Each entry below should be restated word for word, without any picture it contains.

-------- DATA LISTING

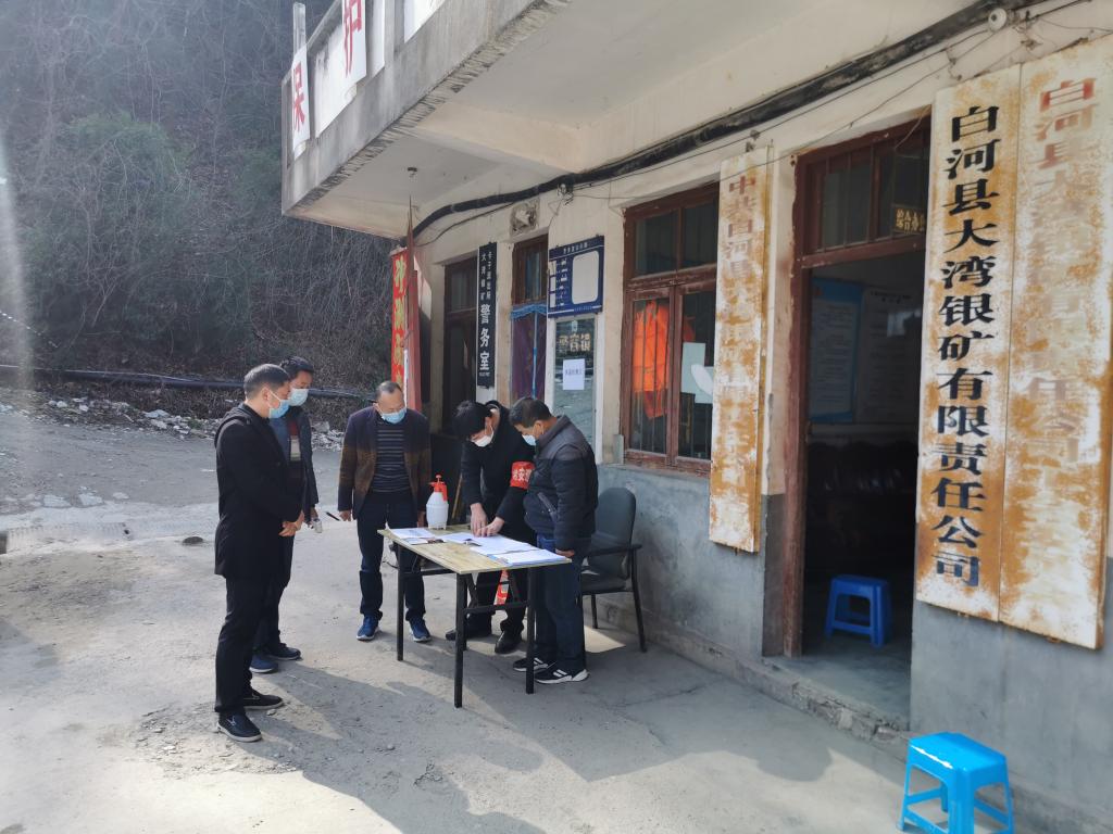 督查组在白河县大湾银矿有限责任公司,对复工后矿区疫情防控措施执行情况进行检查。
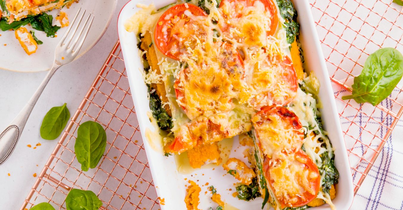 Fischstäbchen abwechselnd mit Spinat und Lasagneplatten in eine Form (15 x 20 Zentimeter) schichten.
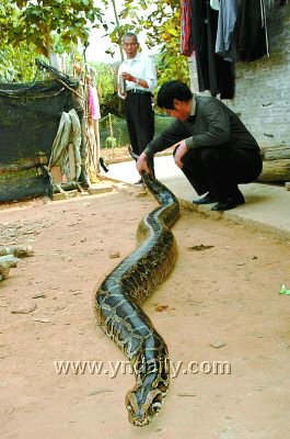 有時候夜間天冷時,蟒蛇還會爬出房間,將楊建松臥室的門弄開,爬上床來與楊建松同床共枕,碰到楊建松睡覺翻身壓到身上時,這條蟒蛇還會“自覺”地挪挪身子給他騰地方。這樣的狀況一直持續到楊建松結婚,將其安置在后院特制的鐵柜中才告結束。
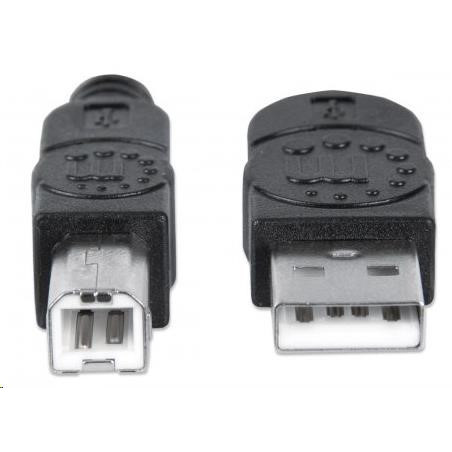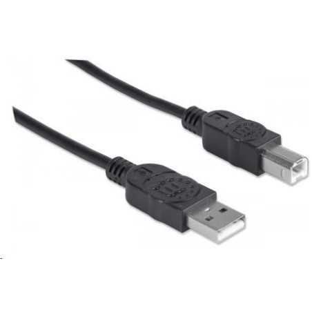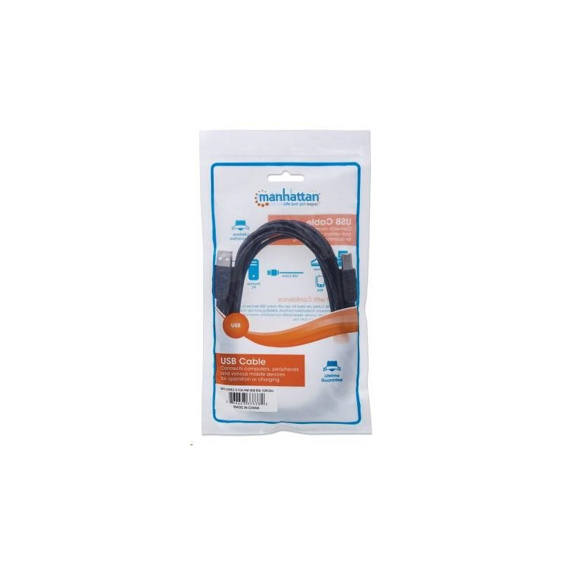 Manhattan Hi-Speed USB 2.0 Device Cables easily connect USB peripherals and accessories with desktop and notebook computers. Ideal for use with many USB external enclosures, hubs and other hot-swap, plug-and-play devices, Manhattan Hi-Speed USB 2.0 Device Cables support data transfer rates up to 480 Mbps on Windows and Mac systems for fast, reliable transmissions. Gold-plated contacts, shielding and fully molded boots with strain relief help provide dependable connections, maximum conductivity and minimal data loss with reduced EMI interference.
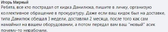 Игорь Мирный также подтверждает развод клиентов со стороны Данилюка, он намерен обратиться в прокуратуру с коллективным заявлением.
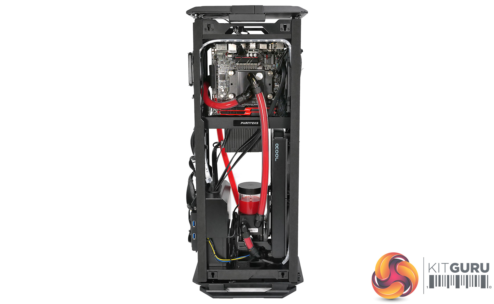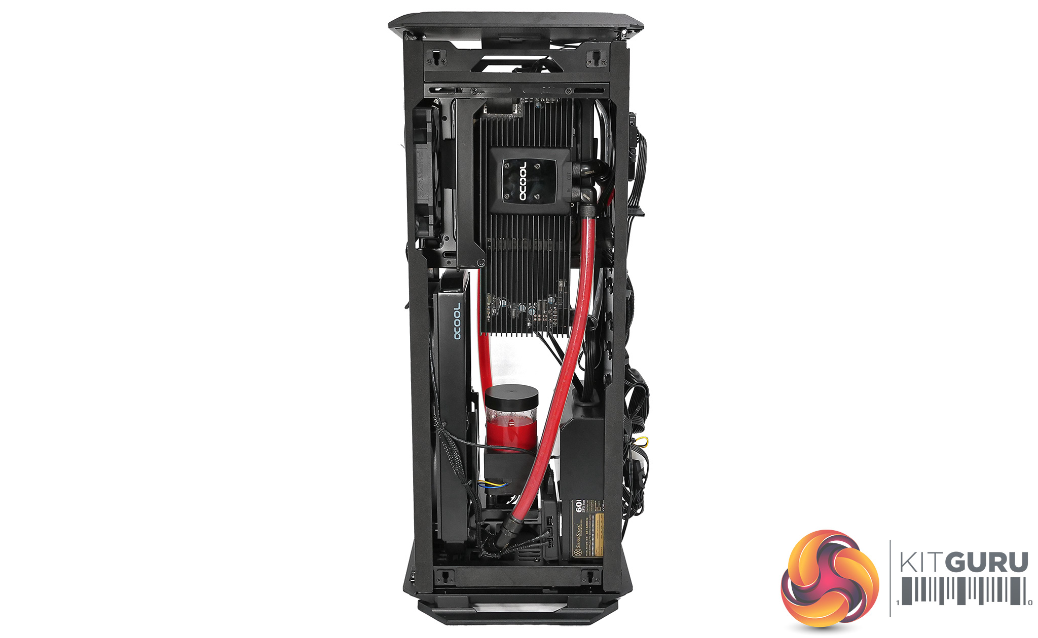 Installing the motherboard, CPU, memory and SSD should be straightforward, and then you use the remaining space for the radiator, fans, pump and reservoir. Deciding the order of the loop and then connecting the components together is a bit of a struggle due to the limited access, however the process is helped by the way the panels can be easily removed from the core chassis. Hooking up the cables is probably the toughest part of the job.
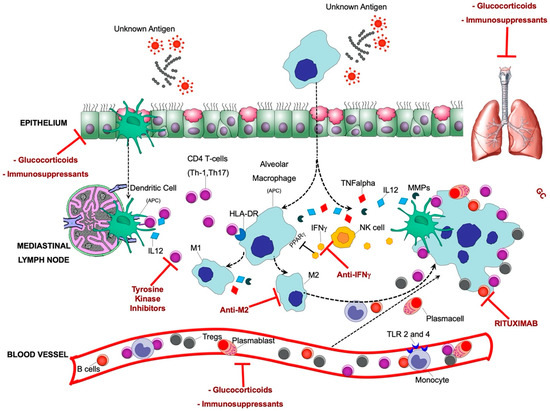Failure of immune regulatory mechanisms to limit the duration of Th1–Th17 inflammation has been suggested to contribute to persisting granulomatous responses in sarcoidosis. T regulatory cells (Tregs) are vital for the suppression of cell-mediated immune responses. However, Tregs in the sarcoid granulomas (as opposed to peripheral Tregs) that have also been found elevated in BALF from patients with sarcoidosis undergo extensive amplification and are therefore impaired in their ability to repress immune responses [64]. On the other hand, they secrete pro-inflammatory cytokines (e.g., IL-4), which induces granuloma formation via mast cell activation and fibroblast amplification [65]. To date, the role of regulatory T cells (Tregs) in the pathogenesis of sarcoidosis remains controversial. Further studies are needed to shed light on the complex interactions between regulatory mechanisms and off-targeted immune responses in the disease.
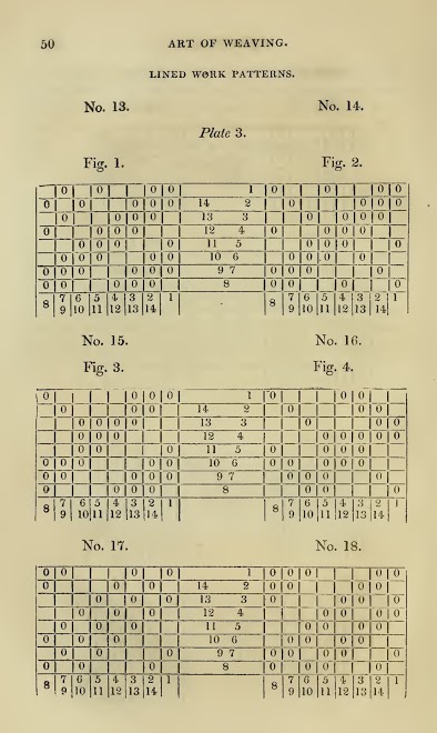 Consider an example: a page of weave drafts for twill patterns, from the Treatise on the Art of Weaving, published in Scotland in 1827 by a certain John Murphy. Identified as patterns, figures, and numbers (subsets), such illustrations ostensibly managed the activities of a population of divided textile-factory workers: those who tied up the loom and those who shuttled the weft. These images were part of a system that abstracted the conditions of labor by making it more efficient.
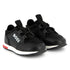 Zapatillas color negro elaboradas en una mezcla de malla transpirable y cuero de origen animal, presentan el logo impreso en el lateral y en la parte trasera, reflejando el carácter distintivo de la marca. Incorporan cierre elástico para facilitar la postura, forro interior textil y una plantilla de microfibra respirable y antibacteriana.
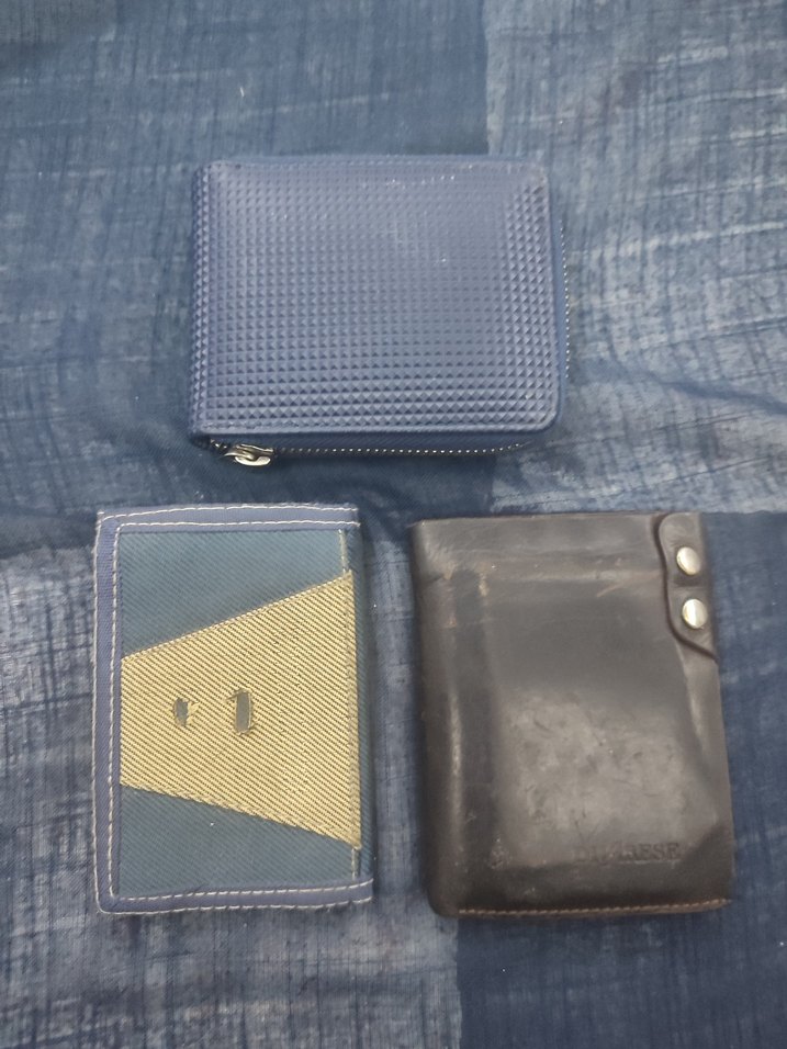 cüzdan seti, koyu lacivert ve siyah renkte. Düz, desensiz tasarıma sahip, sokak stili etkileri taşıyor. Kullanım izleri ve karşı kültür havası var. en son resimde kırmızı kalemle çizilmiş erkek cüzdanlarindaki nokna kusur yeri gösterdin üstteki bayan alttakiler erkek cüzdanı toplam 3 parçaya gönderilecektir

----------------

# [ANSWER SPACE]
 督查组在白河县大湾银矿有限责任公司,对复工后矿区疫情防控措施执行情况进行检查。
 Fischstäbchen abwechselnd mit Spinat und Lasagneplatten in eine Form (15 x 20 Zentimeter) schichten.
 有時候夜間天冷時,蟒蛇還會爬出房間,將楊建松臥室的門弄開,爬上床來與楊建松同床共枕,碰到楊建松睡覺翻身壓到身上時,這條蟒蛇還會“自覺”地挪挪身子給他騰地方。這樣的狀況一直持續到楊建松結婚,將其安置在后院特制的鐵柜中才告結束。
 Manhattan Hi-Speed USB 2.0 Device Cables easily connect USB peripherals and accessories with desktop and notebook computers. Ideal for use with many USB external enclosures, hubs and other hot-swap, plug-and-play devices, Manhattan Hi-Speed USB 2.0 Device Cables support data transfer rates up to 480 Mbps on Windows and Mac systems for fast, reliable transmissions. Gold-plated contacts, shielding and fully molded boots with strain relief help provide dependable connections, maximum conductivity and minimal data loss with reduced EMI interference.
 Игорь Мирный также подтверждает развод клиентов со стороны Данилюка, он намерен обратиться в прокуратуру с коллективным заявлением.
 Installing the motherboard, CPU, memory and SSD should be straightforward, and then you use the remaining space for the radiator, fans, pump and reservoir. Deciding the order of the loop and then connecting the components together is a bit of a struggle due to the limited access, however the process is helped by the way the panels can be easily removed from the core chassis. Hooking up the cables is probably the toughest part of the job.
Failure of immune regulatory mechanisms to limit the duration of Th1–Th17 inflammation has been suggested to contribute to persisting granulomatous responses in sarcoidosis. T regulatory cells (Tregs) are vital for the suppression of cell-mediated immune responses. However, Tregs in the sarcoid granulomas (as opposed to peripheral Tregs) that have also been found elevated in BALF from patients with sarcoidosis undergo extensive amplification and are therefore impaired in their ability to repress immune responses [64]. On the other hand, they secrete pro-inflammatory cytokines (e.g., IL-4), which induces granuloma formation via mast cell activation and fibroblast amplification [65]. To date, the role of regulatory T cells (Tregs) in the pathogenesis of sarcoidosis remains controversial. Further studies are needed to shed light on the complex interactions between regulatory mechanisms and off-targeted immune responses in the disease.
 Consider an example: a page of weave drafts for twill patterns, from the Treatise on the Art of Weaving, published in Scotland in 1827 by a certain John Murphy. Identified as patterns, figures, and numbers (subsets), such illustrations ostensibly managed the activities of a population of divided textile-factory workers: those who tied up the loom and those who shuttled the weft. These images were part of a system that abstracted the conditions of labor by making it more efficient.
 Zapatillas color negro elaboradas en una mezcla de malla transpirable y cuero de origen animal, presentan el logo impreso en el lateral y en la parte trasera, reflejando el carácter distintivo de la marca. Incorporan cierre elástico para facilitar la postura, forro interior textil y una plantilla de microfibra respirable y antibacteriana.
 cüzdan seti, koyu lacivert ve siyah renkte. Düz, desensiz tasarıma sahip, sokak stili etkileri taşıyor. Kullanım izleri ve karşı kültür havası var. en son resimde kırmızı kalemle çizilmiş erkek cüzdanlarindaki nokna kusur yeri gösterdin üstteki bayan alttakiler erkek cüzdanı toplam 3 parçaya gönderilecektir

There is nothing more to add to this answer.